Activity. Please restate every entry exactly. Leave out the pictures.

*** Opening Source records ***

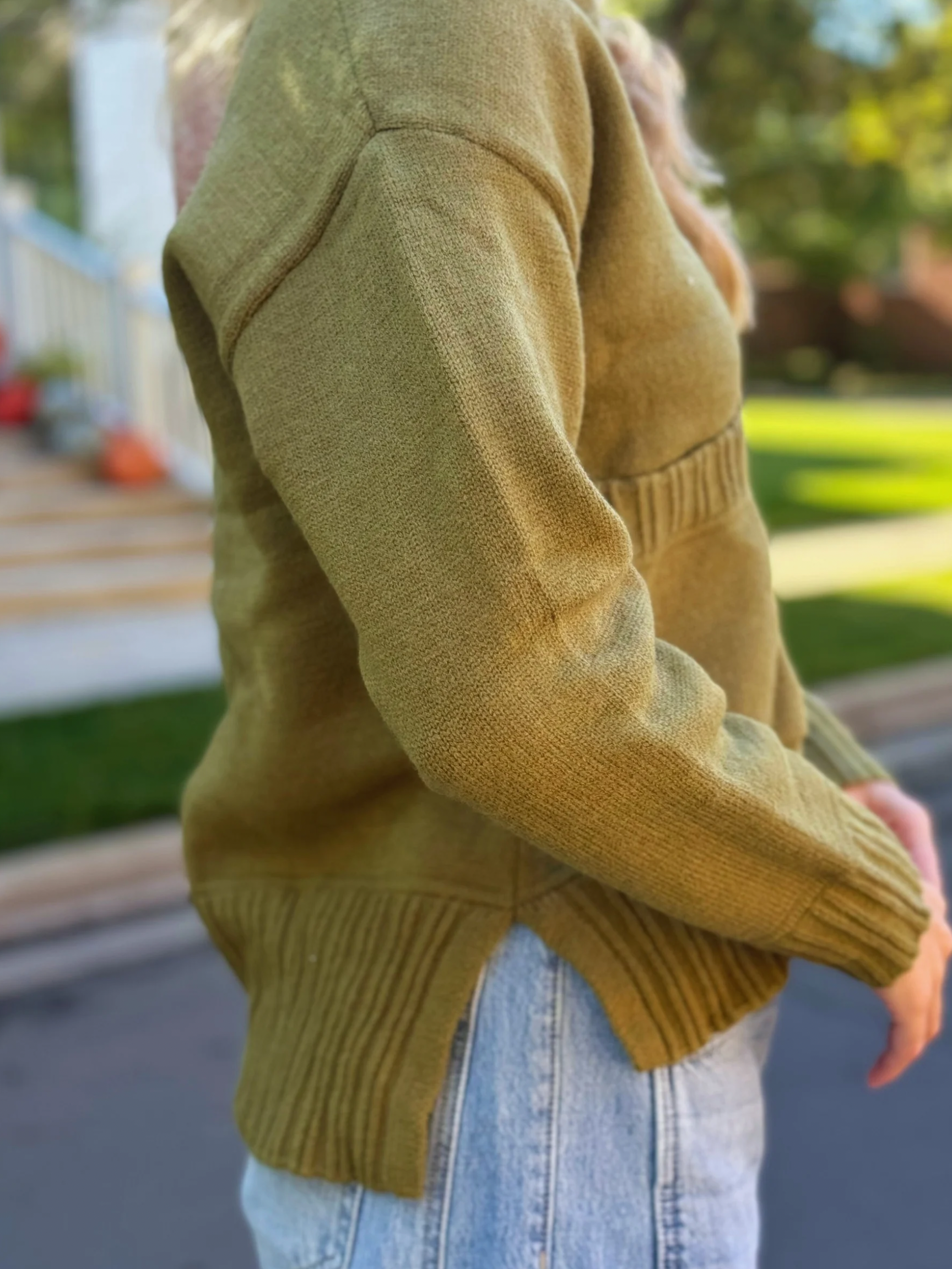 Flap Collar Knit Crop Pullover with Pouch Pockets
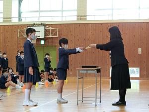マラソン大会は、決して順位ではありません。まずは自分のめあてをしっかり持って、最後まで走り抜くこと、そして自分の今までのタイムより少しでも早く走ることができれば素晴らしいと思います。ですから今年は、自分の1回目に走ったタイムより1秒でも早く走れたら、ジャンプ賞を渡すこととしました。
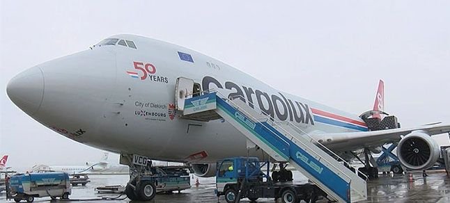 Saat 15.50’de havalimanına inen Cargolux Airlines İnternational şirketine ait Boeing 747 8F tipi kargo uçağındaki araç ve ekipmanlar, çok sayıda personel tarafından tırlara taşındı.
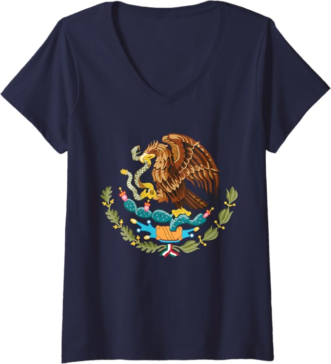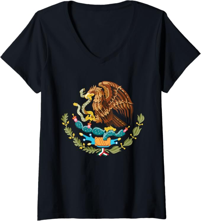 Women’s Mexican Flag Coat of Arms Aztec Tenochtitlan Eagle V-Neck Women T-Shirt with Cactus Design
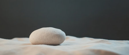 A smooth rounded stone sits quietly on a soft neutral fabric illuminated by gentle diffused light creating a calming atmosphere.
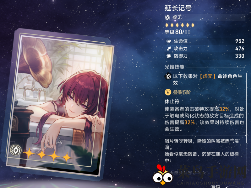 提升装备者击破特效16%/32%,对触电或风化敌人造成伤害提高16%/32%。特效1增加特殊状态伤害,特效2对风化和触电敌人伤害提升显著,适配角色为桑博。
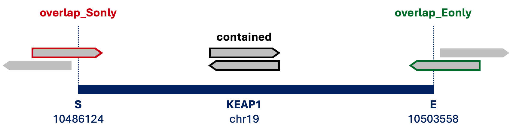 *_contained.bam: both paired reads are in the genome region (black line)*_overlap_Sonly.bam: one of paired reads overlaps with the start genomic position (red line)*_overlap_Eonly.bam: one of paired reads overlaps with the end genomic position (green line)
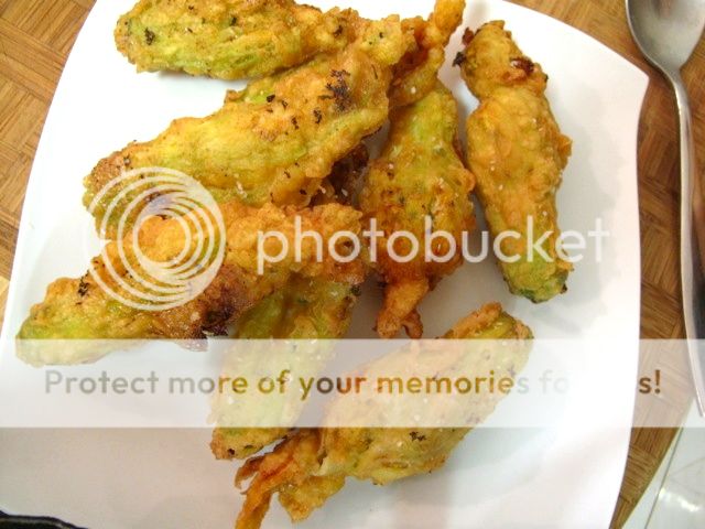 Well in keeping with tonight's blossom theme here at the Pines, Carl is serving up deep fried squash blossoms stuffed with sweetened ricotta cheese. They are pretty darn good!!!

*** Closing Source records ***

Exercise response.
 Flap Collar Knit Crop Pullover with Pouch Pockets
マラソン大会は、決して順位ではありません。まずは自分のめあてをしっかり持って、最後まで走り抜くこと、そして自分の今までのタイムより少しでも早く走ることができれば素晴らしいと思います。ですから今年は、自分の1回目に走ったタイムより1秒でも早く走れたら、ジャンプ賞を渡すこととしました。
 Saat 15.50’de havalimanına inen Cargolux Airlines İnternational şirketine ait Boeing 747 8F tipi kargo uçağındaki araç ve ekipmanlar, çok sayıda personel tarafından tırlara taşındı.
 Women’s Mexican Flag Coat of Arms Aztec Tenochtitlan Eagle V-Neck Women T-Shirt with Cactus Design
 A smooth rounded stone sits quietly on a soft neutral fabric illuminated by gentle diffused light creating a calming atmosphere.
 提升装备者击破特效16%/32%,对触电或风化敌人造成伤害提高16%/32%。特效1增加特殊状态伤害,特效2对风化和触电敌人伤害提升显著,适配角色为桑博。
 *_contained.bam: both paired reads are in the genome region (black line)*_overlap_Sonly.bam: one of paired reads overlaps with the start genomic position (red line)*_overlap_Eonly.bam: one of paired reads overlaps with the end genomic position (green line)
 Well in keeping with tonight's blossom theme here at the Pines, Carl is serving up deep fried squash blossoms stuffed with sweetened ricotta cheese. They are pretty darn good!!!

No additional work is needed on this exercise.